**Stored data entries**
[Start of section]

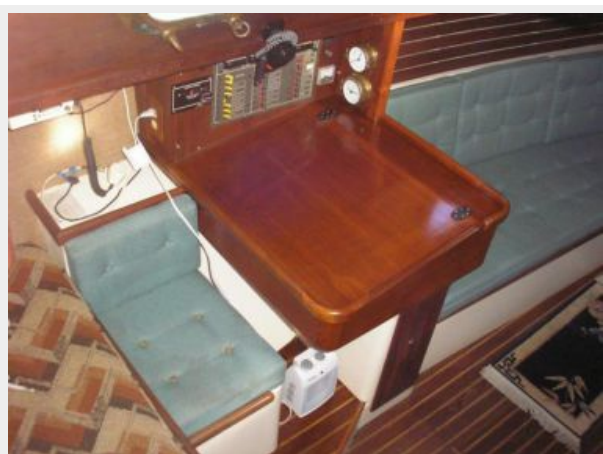
Nav Station & Quarterberth
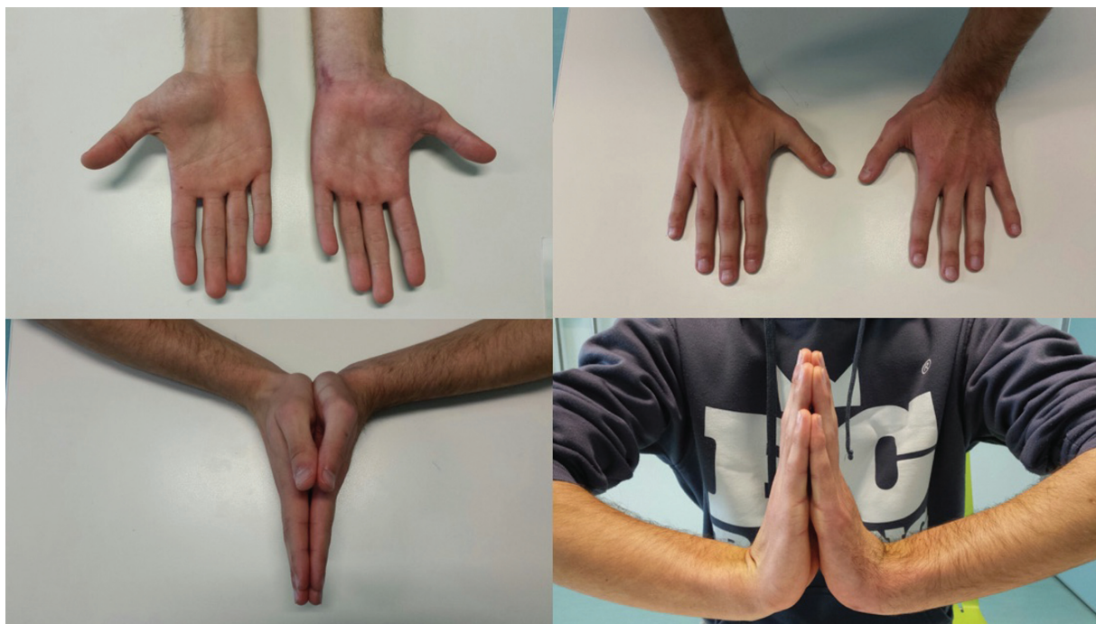
Fig. 5 Fotografia do paciente a demonstrar um arco de movimento simétrico.

traumatismo do punho em extensão, quer por contração muscular violenta súbita do FUC.
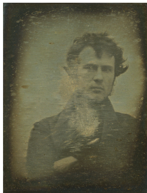
A primeira selfie do mundo: Robert Cornelius, 1839

Para vocês terem uma ideia, historiadores da fotografia acreditam que a primeira selfie foi tirada ainda em 1839 pelo fotógrafo americano Robert Cornelius. Com a tecnologia da época, Cornelius teve que ficar imóvel por um período de 3 a 15 minutos para ser registrado por ele mesmo. Imaginem ter que ficar parado esse tempo todo para tirar uma única foto.

[End of section]

**Task requirements**
Lines in the data that include the word "Cornelius" should all be copied.

**Response box**
A primeira selfie do mundo: Robert Cornelius, 1839
Para vocês terem uma ideia, historiadores da fotografia acreditam que a primeira selfie foi tirada ainda em 1839 pelo fotógrafo americano Robert Cornelius. Com a tecnologia da época, Cornelius teve que ficar imóvel por um período de 3 a 15 minutos para ser registrado por ele mesmo. Imaginem ter que ficar parado esse tempo todo para tirar uma única foto.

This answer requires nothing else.